L’azienda dovrà poi affrontare l’analisi del business model mirato a rappresentare il modo in cui la stessa conduce il business. A tal proposito sarà necessario illustrare brevemente i processi interni ed esterni che arrivano al prodotto / servizio, anche attraverso il modello McKinsey e la matrice BCG.

Il modello McKinsey aiuta a classificare i prodotti / business unit in base all’attrattività del settore incrociata con la posizione competitiva del prodotto / business unit, indicando conseguentemente settori non attraenti o posizioni non competitive.

Attività del settore Alta CRESCERE
Media MANTENERE
Bassa DISMETTERE
Alta Media Bassa
Posizione competitiva del prodotto / BU

La matrice BCG rappresenta gli stessi concetti ma sostituisce la posizione competitiva con la quota di mercato relativa e la “attrattività del settore” diventa il tasso di crescita del settore / mercato. Sull’asse delle ordinate viene riportato un tasso annuo di crescita del mercato/settore relativo al prodotto/business unit. I valori vanno dallo 0% al 20%: un tasso di sviluppo del mercato superiore al 10% è solitamente considerato elevato. I quadranti distinguono Question Marks, Stars, Cash Cows e Dogs.

Crescita mercato Alta STARS

Mercato ad alto tasso di crescita in un cui l’azienda deve impegnare ingenti mezzi finanziari per far fronte allo sviluppo del mercato e arginare eventuali azioni della concorrenza.

QUESTION MARKS:

Attività / prodotti che si trovano in un mercato ad alto tasso di espansione, ma con una bassa quota di mercato relativa e presentano un elevato fabbisogno finanziario. L’azienda deve infatti adeguare la propria capacità produttiva e ridurre le distanze rispetto ai leader.

Bassa CASH COW

Mercato che precedentemente era una Star e ora si sviluppa a un tasso annuo inferiore al 10%. I prodotti in questo mercato generano liquidità e non richiedono particolari investimenti, poiché il mercato non è molto attrattivo per eventuali concorrenti.
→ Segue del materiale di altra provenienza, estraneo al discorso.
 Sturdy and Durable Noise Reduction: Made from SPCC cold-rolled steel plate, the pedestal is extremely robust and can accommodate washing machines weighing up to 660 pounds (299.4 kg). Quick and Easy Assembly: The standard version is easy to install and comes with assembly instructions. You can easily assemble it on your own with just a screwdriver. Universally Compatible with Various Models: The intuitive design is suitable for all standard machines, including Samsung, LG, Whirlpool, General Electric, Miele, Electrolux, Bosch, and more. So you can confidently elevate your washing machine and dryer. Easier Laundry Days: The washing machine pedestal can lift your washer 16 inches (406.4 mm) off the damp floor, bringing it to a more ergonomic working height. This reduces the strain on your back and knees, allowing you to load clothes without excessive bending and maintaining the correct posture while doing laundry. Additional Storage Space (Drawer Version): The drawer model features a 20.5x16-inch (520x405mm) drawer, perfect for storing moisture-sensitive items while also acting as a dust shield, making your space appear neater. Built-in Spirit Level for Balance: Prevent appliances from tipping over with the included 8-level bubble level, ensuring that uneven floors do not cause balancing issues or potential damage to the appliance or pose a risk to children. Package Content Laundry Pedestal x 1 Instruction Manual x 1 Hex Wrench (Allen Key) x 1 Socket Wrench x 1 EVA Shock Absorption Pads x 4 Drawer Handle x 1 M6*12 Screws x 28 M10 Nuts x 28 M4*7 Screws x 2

L’approccio BCG suggerisce di utilizzare i prodotti Cash Cow per far fronte ai fabbisogni immediati e sostenere le restanti attività, in particolare le Star e i Question Mark.

DOGS

Si tratta dei prodotti / attività che potrebbero essere dismessi in quanto hanno una bassa quota di mercato relativa in mercati a basso tasso di sviluppo.

Alta Bassa
Quota di mercato

Per rendere maggiormente efficace l’analisi BCG può essere utile rappresentare i prodotti / business unit anche attraverso un’ulteriore dimensione data dalla grandezza della bolla.